Ann Morton: What Happened Today?/ The Collective Cover Project

On View
September 18, 2015 –
January 3, 2016
Location
In the Front and Main Galleries

Opening Reception
Friday, September 18, 5:30 – 8:00 PM
The evening will also feature the openings of Wendy Maruyama: The wildLIFE Project and Artifice of Nature, as well as open studios by HCCC’s current resident artists.

Related Programming
Artist Talk by Ann Morton, Saturday, September 19, 2:00 PM

This fall, Houston Center for Contemporary Craft (HCCC) is pleased to present What Happened Today?, an exhibition of newly created works by Arizona-based fiber artist, Ann Morton. Through a large-scale installation, Morton highlights the relevance of printed news and hand-crafted objects and their combined ability to communicate parallels among the voices of the individual, the greater Houston community, and the world-news stage. The exhibition also includes Morton’s award-winning work, The Collective Cover Project. This installation utilizes randomly found objects to explore ideas of place, time and memories of events, as well as their effects on individuals and on social, cultural, and political aspects of society.

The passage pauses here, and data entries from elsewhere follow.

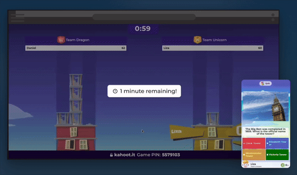 โหมดเกม Tallest Tower ใน Kahoot! เป็นประสบการณ์การเรียนรู้ที่สนุกและมีชีวิตชีวา โดยผู้เล่นจะร่วมมือกันเป็นทีมเพื่อสร้างหอคอยให้สูงที่สุด ผ่านการตอบคำถามอย่างถูกต้อง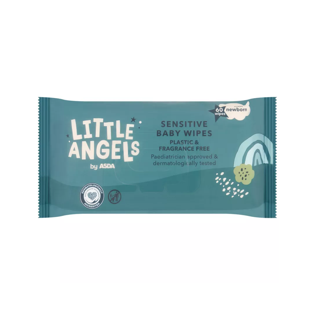 (PREORDER) LITTLE ANGELS by ASDA 60 Newborn Sensitive Baby Wipes Plastic & Fragrance Free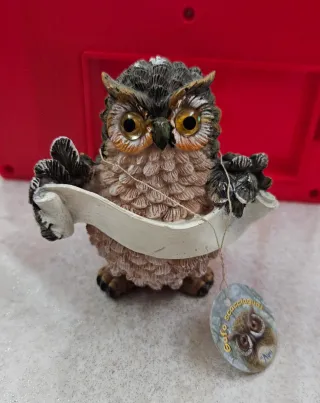 Simpatico gufo decorativo, perfetto per portare un po' di allegria. - Dettagli curati e colorati. - Realizzato in materiale resistente. - Include un cartellino con immagine del gufo e spiegazione.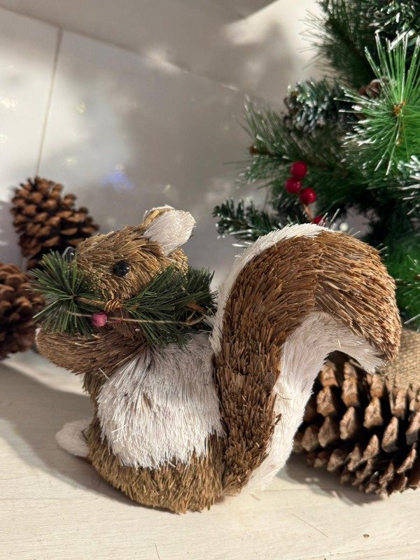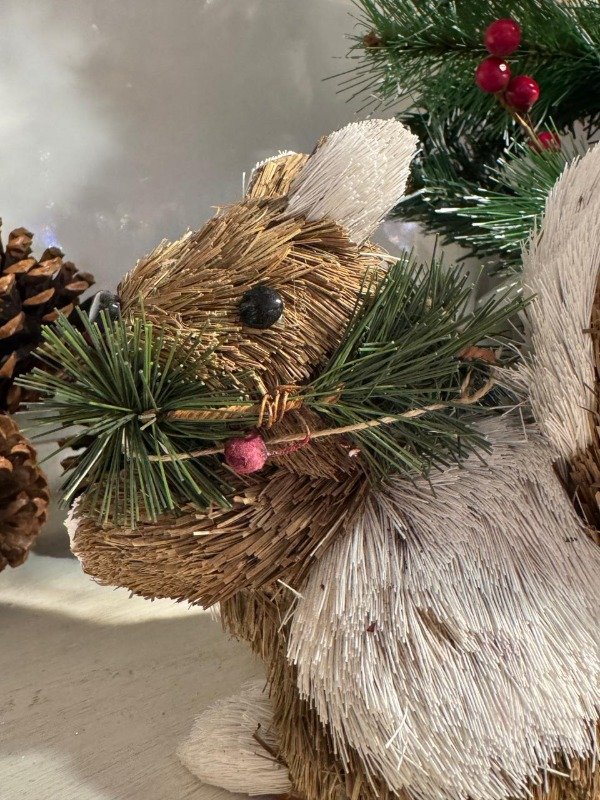Material: paja natural, plástico, alambre, tela, terciopelo, lana, ojos artificiales.

What Happened Today? is comprised of two community-based components. One involves commentary from the lives of Houston residents as they interact with their local newspaper by responding to a question about their day, and the other includes the collection of local and national events deemed worthy of the Houston Chronicle’s news cycle.

During the spring and summer of 2015, Houstonians responded to an ad in the Houston Chronicle by answering the question “What happened today?” on a 3-x-3-inch note and mailing it to HCCC. Individuals from all walks of life responded, from prisoners in Harris County jails and senior citizens to kids of all ages and immigrants starting to learn English. Responses were also collected from visitors to HCCC and from drop boxes in several locations throughout the community. Many of the responses are very moving, such as a man who “came out by kissing a dude” and a prisoner who missed his three kids. Through their anonymous notes, participants revealed the deepest, darkest and also happiest moments they experienced on any given day. For the exhibition, Morton created a large hand-sewn quilt, comprised of all the notes collected throughout this period of time.

For the second part of the project, HCCC and Morton worked with a number of local community groups, university students, arts educators, senior centers, and service organizations to make hooked-rug squares made from newsprint strips of Houston Chronicle news events. Groups like Neighborhood Centers, Inc., and ARTreach came together to create the rug modules and share stories. Nearly 20 groups participated over a sixth-month period. Visitors to HCCC also participated in the rug-making activity at various events, including Museum Experience Day and HANDS-ON HOUSTON. Morton created a floor installation from all of the collected squares by hand weaving strips of the Houston Chronicle into the rug.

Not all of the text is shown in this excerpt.